Hoy, por primera vez, se va a elegir intendente, vice, concejales y tribunos de cuentas y nada más que eso. Esta inédita autonomía es la clave que, desde esta noche, rearma el mapa político de la ciudad
La primera vez de una elección autónoma deja a la vista todos los huecos de la legislación municipal que permanecían ocultos cuando la votación era absorbida por otra más grande. El mayor déficit es la ausencia de normativas de transparencia sobre el financiamiento de las campañas. Así como es la primera con boleta única y organización municipal, debería ser la última elección con gastos millonarios que no se sabe de donde provienen.
Está bastante dicho ya: qué suceda con la interna abierta del peronismo, que hoy con sus dos listas sumadas tendría de sobra para ser gobierno, será el factor decisivo de la competencia. Una mutua neutralización para captar “votos útiles” dejaría a Olga Riutort y a Héctor Campana afuera de la pelea grande por el poder. No ser el tercero en el tablero final quedaría, así, como la única meta, para salvar la ropa, en esta batalla que sobre el final de la campaña se condimentó de elementos exógenos con la adhesión de la dirigencia kirchnerista a la candidatura de Riutort o, para decirlo con mayor propiedad, en contra de la fórmula del gobernador Juan Schiaretti.

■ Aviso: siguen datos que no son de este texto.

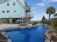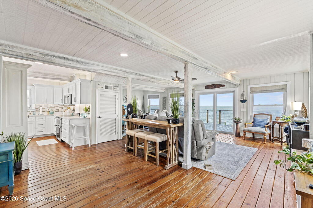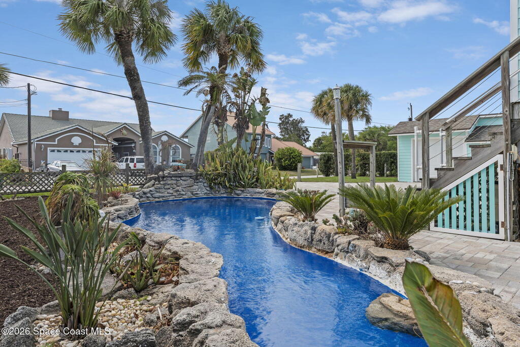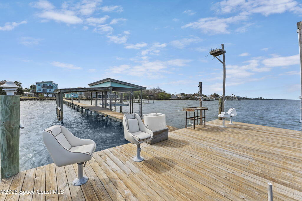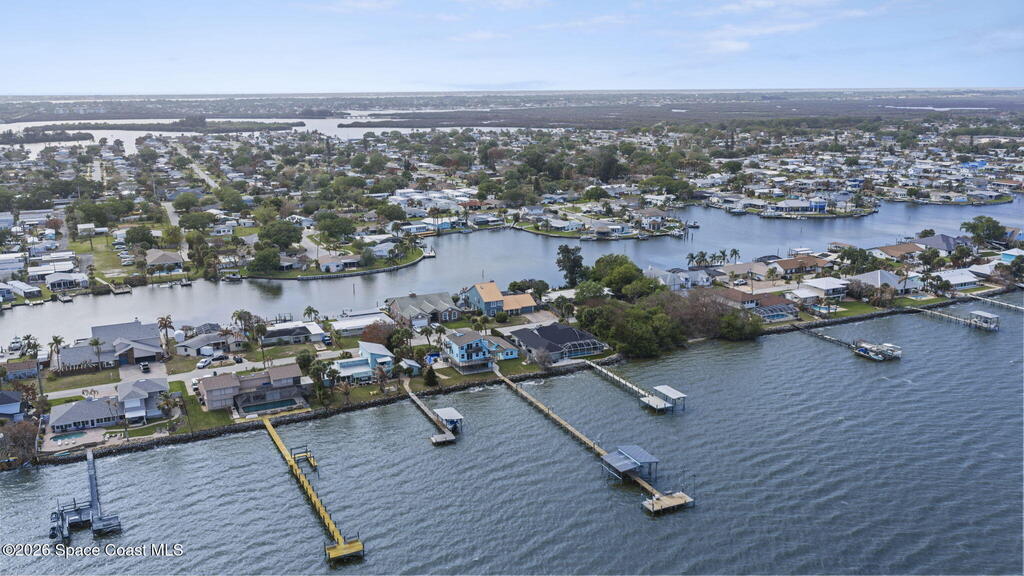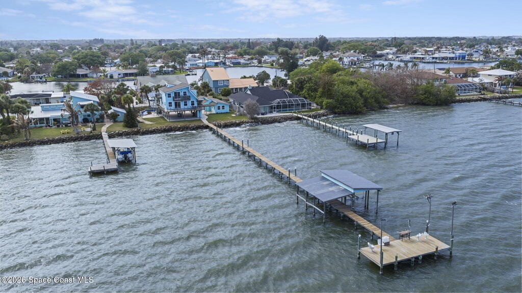 If Florida had a home, this would be it. Completely renovated, this elevated stilt home sits directly on the Banana River with wide open water views and direct access to Port Canaveral. Enjoy everything the Space Coast has to offer, from dolphins and manatees in your backyard to rocket launches overhead. A private dock with boat lift makes getting out on the water a breeze. Inside, the home offers 3 bedrooms, 2 full baths, and 2 half baths with an open layout centered around a chef's kitchen featuring quartz countertops and stainless steel appliances, flowing into the main living and dining areas with the river views front and center. The primary suite includes a private balcony overlooking the water. Outside, enjoy a pool, stone fireplace, and a paver driveway set within a well maintained yard. A detached air conditioned flex space with river views offers options for an office, studio, or additional living area. Well updated and positioned for true waterfront living.

Otra clave del día será cuánto podrá retener de su enorme caudal electoral desde 2003 hasta aquí el juecismo. Sin ser Juez candidato, una debacle electoral no merecería una extremaunción. Habría que recordarlo siempre: todos los votos son prestados y las mayorías, provisorias.
Todos pueden perder. Pero hay uno que va a ganar. El radicalismo se siente más cerca que nunca de eso y de regresar al gobierno, a 16 años de su último triunfo en elecciones municipales. La última victoria fue de Rubén Martí, en 1995, quien hoy acompaña al hijo homónimo de quien ganó, también hace 16 años, la provincia por última vez. Sólo se vota para intendente. No se eligen precandidatos para 2015. Tranquilos.